Building Crash Recovery Hooks for Claude Code with PID-Based Detection

When you’re deep in a coding session and your CLI crashes, the context you’ve built up vanishes. I built crash recovery hooks that detect when a previous Claude Code session died unexpectedly, parse the transcript of what was happening, and create a structured handoff document so the next session can pick up where you left off — with no manual intervention and no waiting period.

The Problem: Crashed Sessions Leave No Trace

Claude Code has a hook system that fires events at session lifecycle points: SessionStart, SessionEnd, PreToolUse, PostToolUse, and others. When a session exits cleanly (Ctrl+C, /exit), the SessionEnd hook fires. But when the CLI process crashes or hangs and gets killed, SessionEnd never fires. The session just disappears.

I already had a cross-session coordination system using PostgreSQL — sessions register on startup and record heartbeats. The idea was straightforward: if a session has no exited_at timestamp and its heartbeat is stale, it probably crashed. But the implementation took several iterations.

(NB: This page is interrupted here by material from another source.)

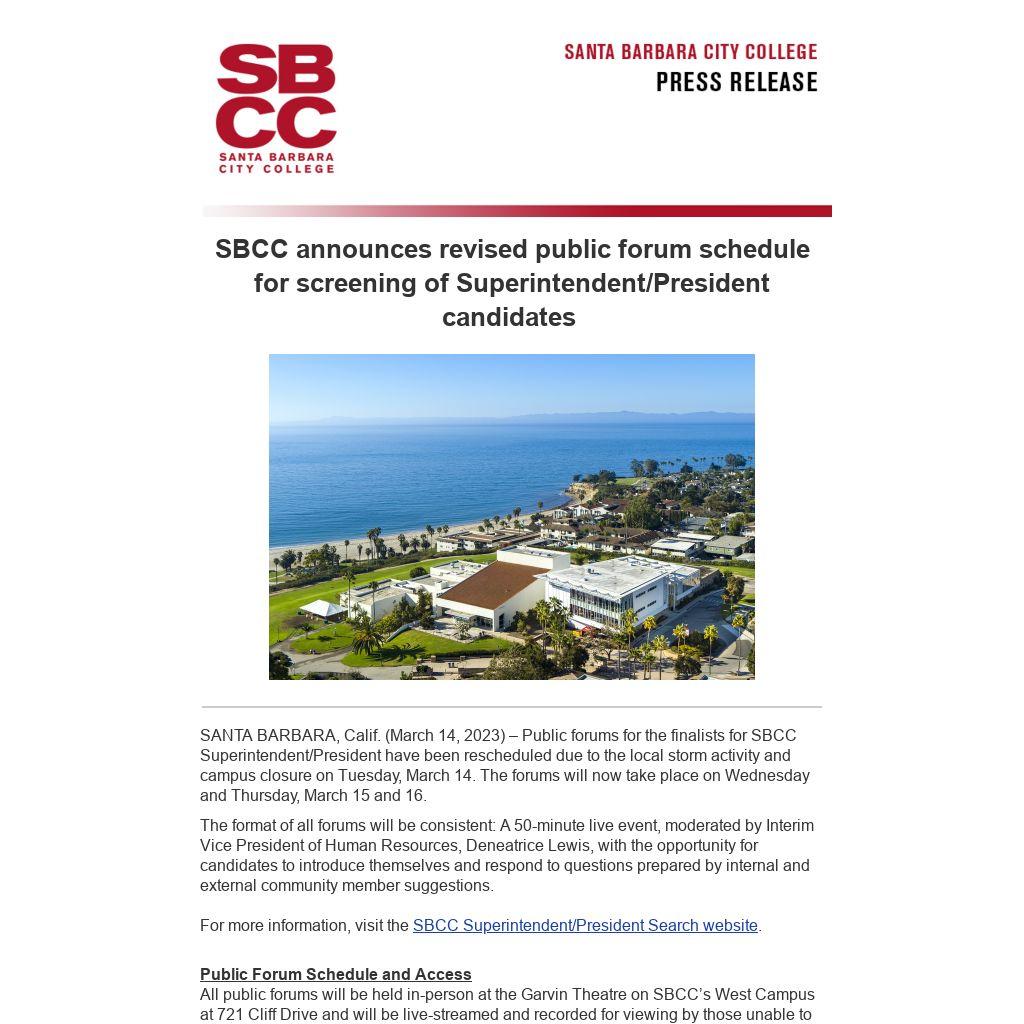 SANTA BARBARA, Calif. (March 14, 2023) – Public forums for the finalists for SBCC Superintendent/President have been rescheduled due to the local storm activity and campus closure on Tuesday, March 14. The forums will now take place on Wednesday and Thursday, March 15 and 16.

First Attempt: The 5-Minute Wait Problem

The initial implementation queried for sessions where exited_at IS NULL AND last_heartbeat < NOW() - 5 minutes. This works for detecting sessions that died between work sessions — like when you close your laptop and come back the next day. But it completely fails for the most common case: you kill a stuck session and immediately restart.

In the immediate restart scenario, the crashed session’s heartbeat is only seconds old. The 5-minute threshold doesn’t see it as stale. You’d have to wait before restarting to get crash detection — which defeats the purpose.

Second Detour: Getting the Hook Output Format Wrong

Before even getting to the timing problem, I spent considerable time debugging why the hook’s message wasn’t showing up in the CLI. The hook was correctly detecting crashes, creating handoff files, and updating the database — but the user never saw the notification.

I initially used this output format, modeled after what another working hook appeared to use:

// WRONG - this format doesn't exist in the spec
{
  "result": "continue",
  "message": "Previous session crashed..."
}

After investigating the JSONL transcripts and finding zero trace of the message being injected, I researched the actual Claude Code hook output schema. The correct format for SessionStart hooks is:

// CORRECT - the actual hook output schema
{
  "systemMessage": "Text shown to the USER in the CLI",
  "hookSpecificOutput": {
    "hookEventName": "SessionStart",
    "additionalContext": "Text injected as context for the MODEL"
  }
}

Two completely different channels: systemMessage renders in the CLI banner that the user sees, while hookSpecificOutput.additionalContext gets injected into the model’s context so Claude knows about the crash. The {"result":"continue","message":"..."} pattern I initially tried simply doesn’t exist in the specification.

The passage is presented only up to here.